- Kefalari Location within Greece
- Coordinates: 40°31′15″N 21°24′36″E﻿ / ﻿40.52083°N 21.41000°E
- Country: Greece
- Geographic region: Macedonia
- Administrative region: Western Macedonia
- Regional unit: Kastoria
- Municipality: Kastoria
- Municipal unit: Kastoria
- Community: Kastoria

Population (2021)
- • Total: 447
- Time zone: UTC+2 (EET)
- • Summer (DST): UTC+3 (EEST)

= Kefalari, Kastoria =

Kefalari (Κεφαλάρι, before 1926: Σέτομα – Setoma) is a village in Kastoria Regional Unit, Macedonia, Greece. It is part of the community of Kastoria.

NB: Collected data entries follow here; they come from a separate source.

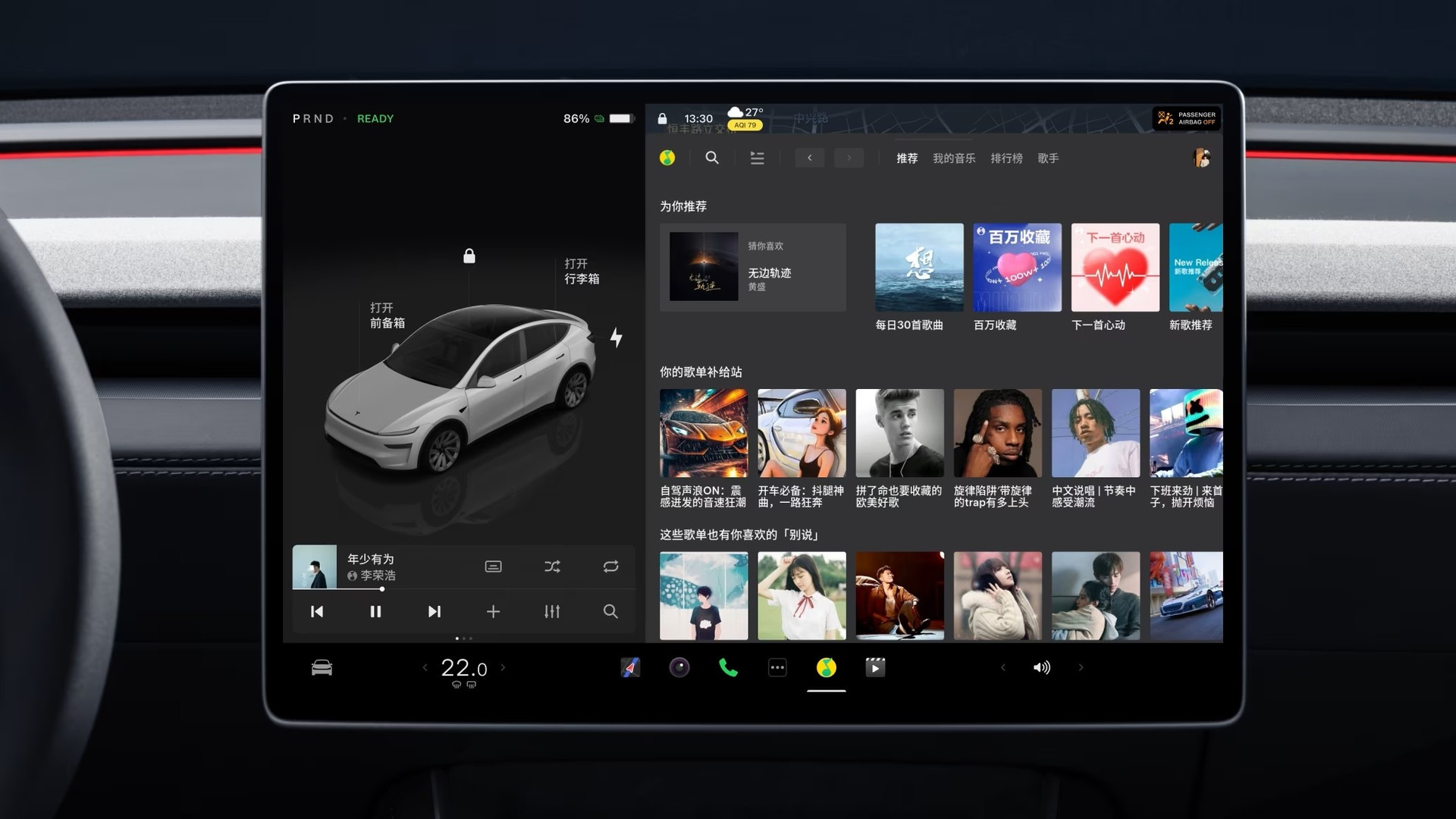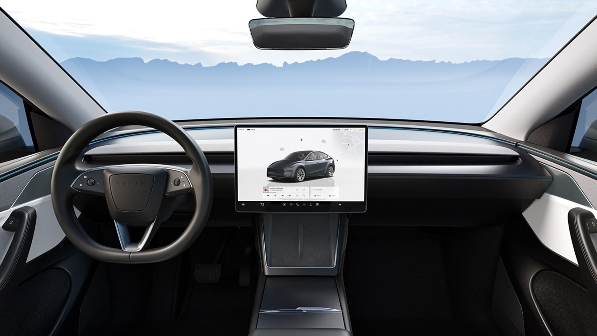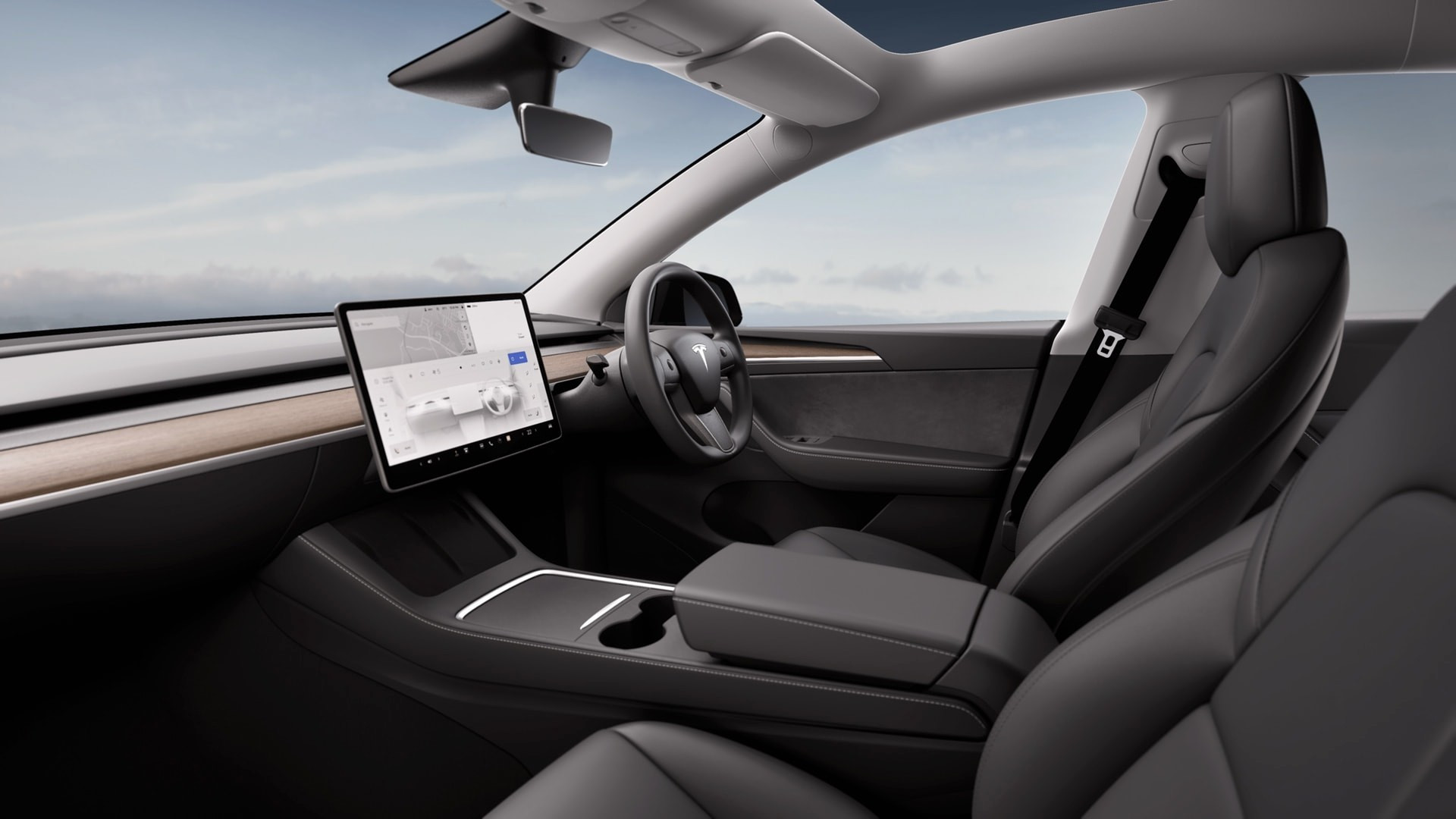Салон Tesla Model Y обновлён в том же ключе, что у родственного седана Tesla Model 3, пережившего рестайлинг ещё в 2023 году: появился новый руль и развлекательный монитор для пассажиров второго ряда (на нём можно запускать видеоигры), улучшены отделочные материалы и салонное освещение, ради более удобной посадки изменена форма сидений второго ряда (удлинены подушки, расширены подголовники), установлена новая аудиосистема с 16 громкоговорителями. Физические кнопки и регуляторы есть, по сути, только на руле, однако на праворульной версии замечен левый подрулевой рычажок. В любом случае, подавляющее большинство функций и настроек зашиты в 15,4-дюймовый сенсорный экран, прикрученный к центру передней панели.
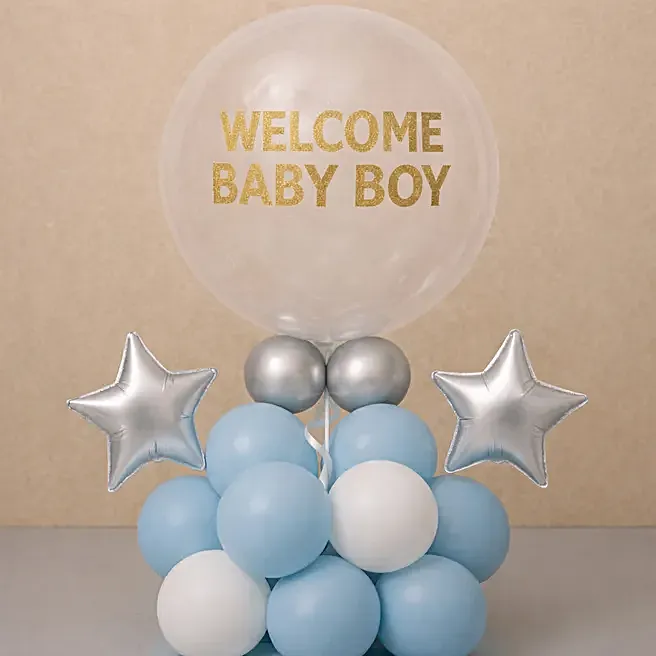 Welcome Baby Boy Ivory Blue Balloon Display
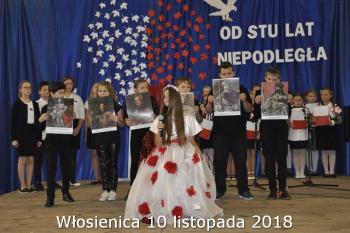 Uroczystości we Włosienicy w sobotę 10 listopada przygotowali uczniowie i nauczyciele z pomocą niemal wszystkich miejscowych środowisk i organizacji. Po modlitwie za Ojczyznę i poległych w Jej obronie zgromadzeni złożyli kwiaty pod pamiątkową tablicą i spotkali się w szkole.
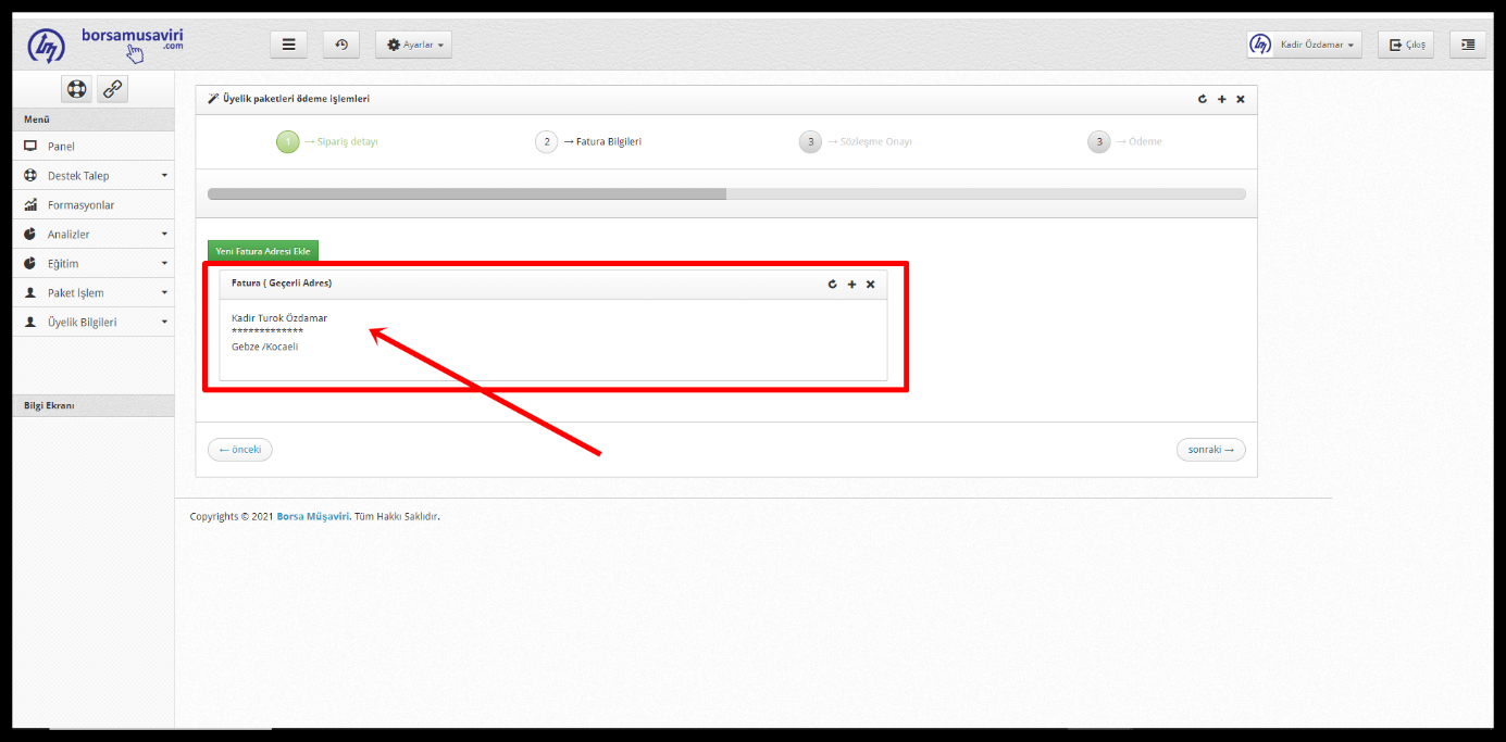Sağ üstte bulunan Kullanıcı adının üzerine gelip tıklayarak(yukarıda ki grafikte Kadir Özdamar yazan yer) kendilerine özel kullanıcı panellerine ulaşacaklardır.

The 1920 Greek census recorded 408 people in the village, and 164 inhabitants (30 families) were Muslim in 1923. Following the Greek–Turkish population exchange, Greek refugee families in Setoma were from Asia Minor (16) and Pontus (9) in 1926. The 1928 Greek census recorded 371 village inhabitants. In 1928, the refugee families numbered 25 (104 people).

In 1945, Greek Foreign Minister Ioannis Politis ordered the compilation of demographic data regarding the Prefecture of Kastoria. The village Kefalari had a total of 580 inhabitants, and was populated by 290 Slavophones with a Bulgarian national consciousness.